The data structures are intentionally small because they contain only the essential information needed for this pipeline. In a real system, you would probably add more metadata.

Here's the Python version:

from dataclasses import dataclass

@dataclass(frozen=True)
class SearchDocument:
    page_content: str
    metadata: dict[str, str | int]

@dataclass(frozen=True)
class DocumentRecord:
    doc_id: str
    source: str
    text: str
    summary: str

@dataclass(frozen=True)
class ChunkRecord:
    chunk_id: str
    doc_id: str
    source: str
    index: int
    text: str
    summary: str
    previous_chunk_id: str | None
    next_chunk_id: str | None

The DocumentRecord stores the full document and a summary. The ChunkRecord stores the raw chunk, its summary, and links to the previous and next chunks.

Those neighbor links are useful because chunk boundaries are artificial. If retrieval finds chunk 4, the answer may start in chunk 3 or continue into chunk 5.

The index keeps both searchable stores and lookup maps:

@dataclass(frozen=True)
class HierarchicalIndex:
    documents_by_id: dict[str, DocumentRecord]
    chunks_by_id: dict[str, ChunkRecord]
    chunks_by_doc_id: dict[str, list[ChunkRecord]]
    document_summary_store: SimpleVectorStore
    chunk_summary_stores_by_doc_id: dict[str, SimpleVectorStore]

The most important lookup is this:

chunk = index.chunks_by_id[chunk_hit.metadata["chunk_id"]]

That line converts a retrieved summary hit back into the raw source text used for the final answer.

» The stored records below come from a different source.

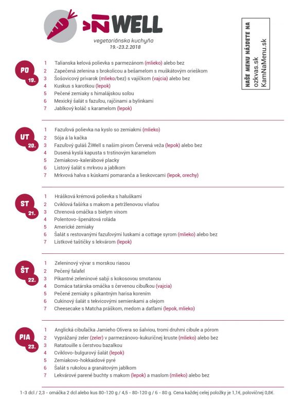 Kuchyňa komunitného centra ŽiWell v Piešťanoch kladie pri tvorbe vegetariánskych jedál veľký dôraz na zdravé a kvalitné suroviny. Jedlo si môžete nechať priviezť domov i na pracovisko, nižšie nájdete detailnejší popis, ako si správne objednať a tiež číslo na donáškovú službu. Tento týždeň pripravili pre vás zaujímavé prílohy, sýte polievky aj vege variácie na tradičné mäsové pochúťky. Dobrú chuť!
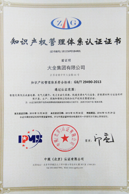 近日,大全集团获得了中规(北京)认证公司颁发的知识产权管理体系认证证书,这标志着大全集团知识产权管理体系符合国家推荐标准GB/T29490-2013,通过认证范围包括智能化高低压成套电器、电气元器件、电力自动化系统、轨道交通电气化设备、新能源材料与设备的研发、生产、采购和销售过程的知识产权相关管理活动。
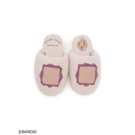 アイマスクやナイトキャップなど、ルームウェアをまとった「たまごっち」たちを刺繍した、春らしいニュアンスカラーのルームシューズです。
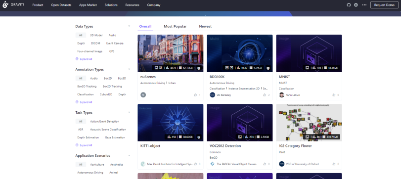 最后是 Graviti Open Datasets:Graviti 是一个新的数据平台,主要为计算机视觉提供高质量的数据集。个人开发人员或组织可以轻松访问、共享和更好地管理开放数据。
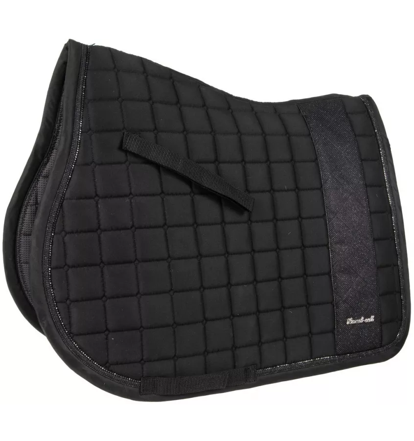 Czaprak pod siodło z wykończeniem z mikrofibry i błyszczącym pionowym paskiem.
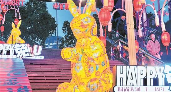 无独有偶,在距离不远的时尚天河,偌大的兔子造型也伫立在地下商场入口处,火红的灯笼更是增添了节日喜庆。
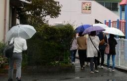 川崎幼稚園が開いた説明会に向かう保護者ら=7日午前、静岡県牧之原市
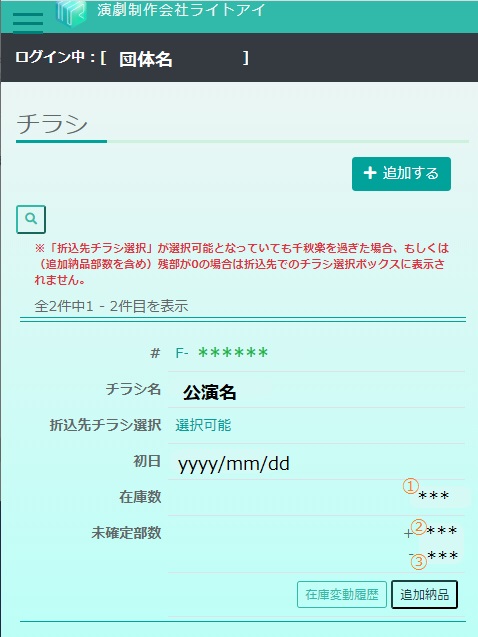 ①チラシの在庫数+②未確定部数(納品予定数)-③未確定部数(折込予定数)
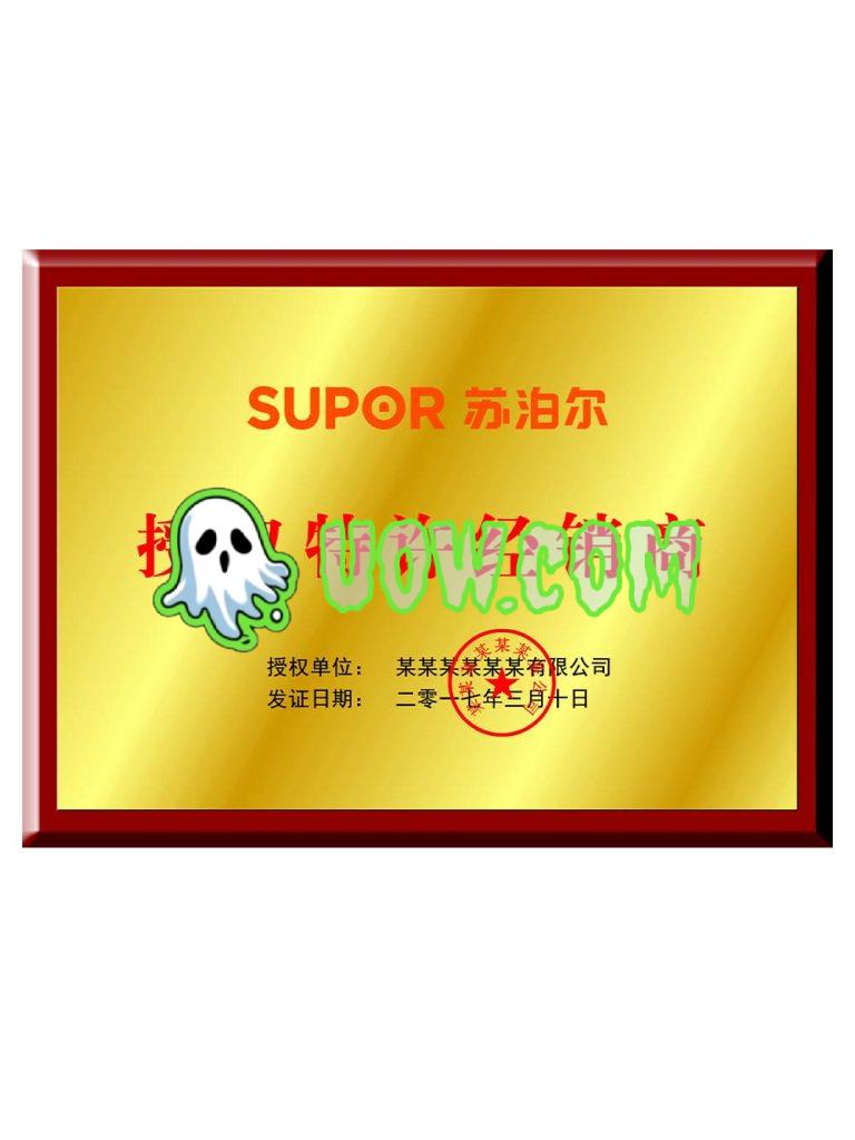 苏泊尔(Zhejiang Supor Co., Ltd.)是中国领先的厨房电器和厨具品牌,成立于1994年,总部位于中国浙江省杭州市。作为中国厨具行业的龙头企业,苏泊尔专注于研发、生产和销售压力锅、电饭煲、电磁炉、炒锅等产品,以创新设计、卓越品质和出色性能闻名。苏泊尔授权证书(SUPOR Authorization Certificate)是苏泊尔公司颁发给合作伙伴的正式文件,授予其在特定领域或地区使用苏泊尔品牌、技术或知识产权的合法权利,旨在推动市场扩展、保护品牌形象和规范合作关系。
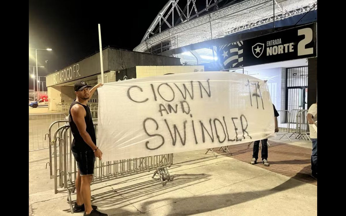 Protesto de torcedores do Botafogo no Nilton Santos, nesta terça-feira (30)Igor Melo / Rádio Craque Neto
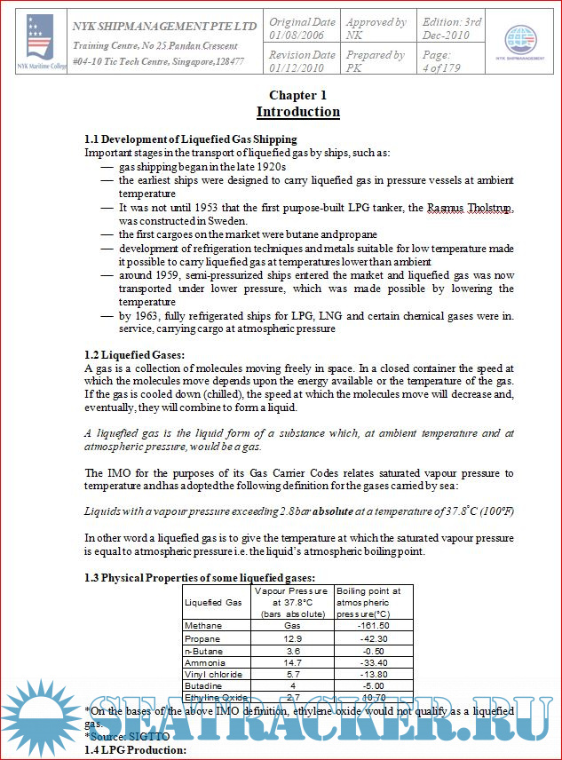 Year: 2010 Language: english Author: NYK Maritime College Genre: Training courses Publisher: NYK Maritime College Edition: 3rd Format: DOC Quality: eBook Pages count: 179 Description: This course explains the basics of Liquefied Petroleum Gas (LPG) Carriers industry, their operation, applicable statutory and special requirements including safety related matters concerning the type of cargo grades, etc. Participants will gain a deep and qualitative understanding of ‘Liquefied Petroleum Gas (LPG)’ sector in connection with the IMO Convention and IGC Code.
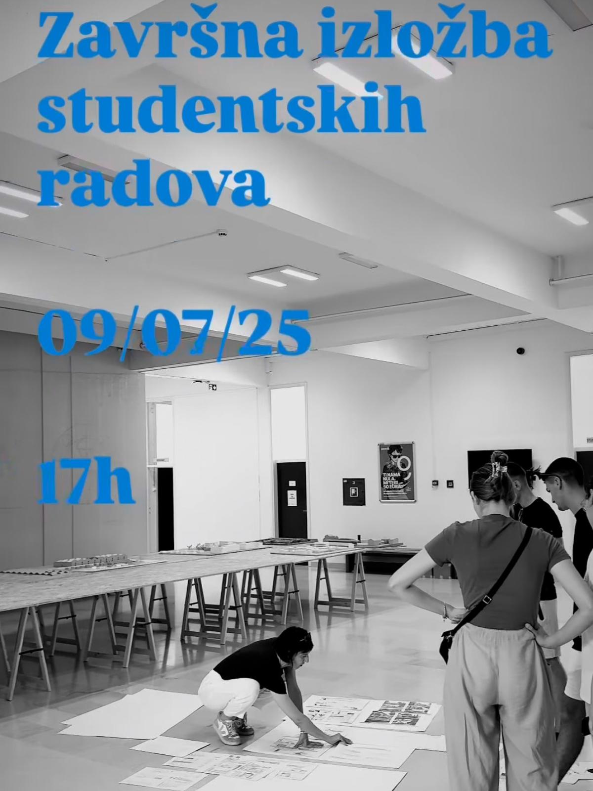 Pozivamo vas na otvorenje završne izložbe studentskih radova na studijima arhitekture i urbanizma koje će se održati 9.7. u 17 sati u holu Fakulteta. Izložba će biti otvorena do 17.7.
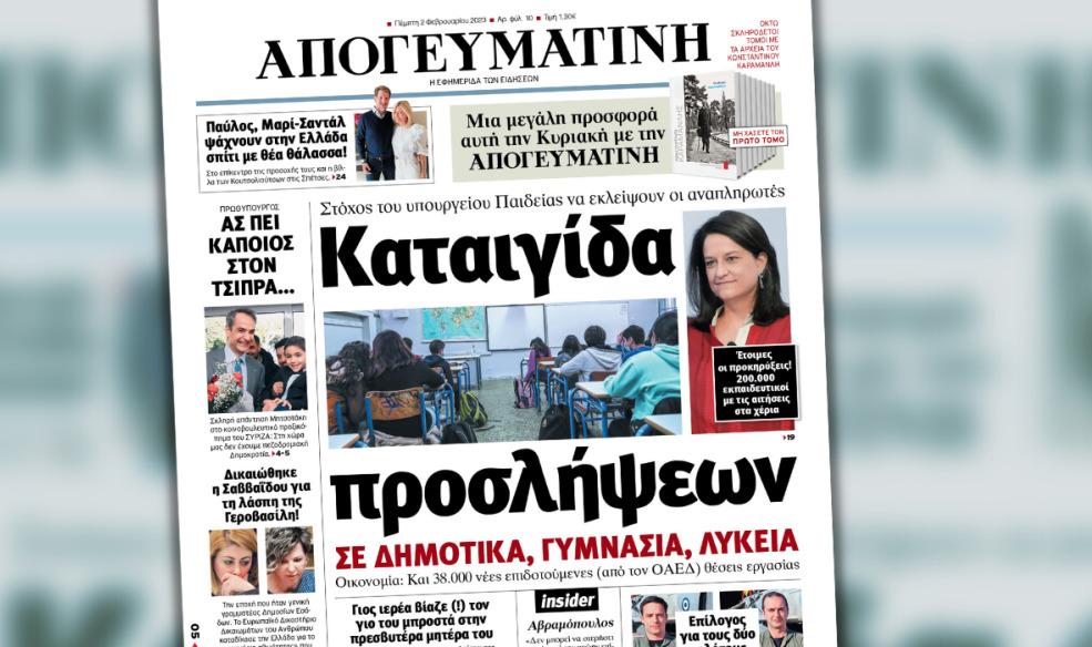 Διαβάστε σήμερα στην «Απογευματινή»:

How to Split Documents into Raw Chunks

The demo splits Markdown files by paragraph and groups paragraphs until a target character size is reached:

CHUNK_SIZE = 420

def split_text(text: str) -> list[str]:
    chunks = []
    current_paragraphs = []
    current_size = 0

    for paragraph in re.split(r"\n\s*\n", text.strip()):
        paragraph = paragraph.strip()

        if not paragraph:
            continue

        if current_paragraphs and current_size + len(paragraph) > CHUNK_SIZE:
            chunks.append("\n\n".join(current_paragraphs))
            current_paragraphs = []
            current_size = 0

        current_paragraphs.append(paragraph)
        current_size += len(paragraph)

    if current_paragraphs:
        chunks.append("\n\n".join(current_paragraphs))

    return chunks

One important thing: this isn't the perfect splitter for every use case. It's intentionally readable.

In a production system, you might use a tokenizer-aware splitter, Markdown-aware sections, semantic chunking, or parent-child chunking. But regardless of the option you pick, the idea stays the same: keep raw chunks as the final evidence.

How to Summarize Chunks and Documents

To keep the demo easy to run, this article uses sentence extraction as a stand-in for LLM summarization. It scores sentences that include important RAG terms and keeps the top sentences.

def summarize_text(text: str, max_sentences: int = 2) -> str:
    sentences = [
        sentence.strip()
        for sentence in re.split(r"(?<=[.!?])\s+", " ".join(text.split()))
        if sentence.strip()
    ]

    if len(sentences) <= max_sentences:
        return " ".join(sentences)

    scored_sentences = []

    for position, sentence in enumerate(sentences):
        sentence_words = words(sentence)
        term_score = sum(3 for word in sentence_words if word in IMPORTANT_TERMS)
        first_sentence_bonus = 1 if position == 0 else 0
        scored_sentences.append((term_score + first_sentence_bonus, position, sentence))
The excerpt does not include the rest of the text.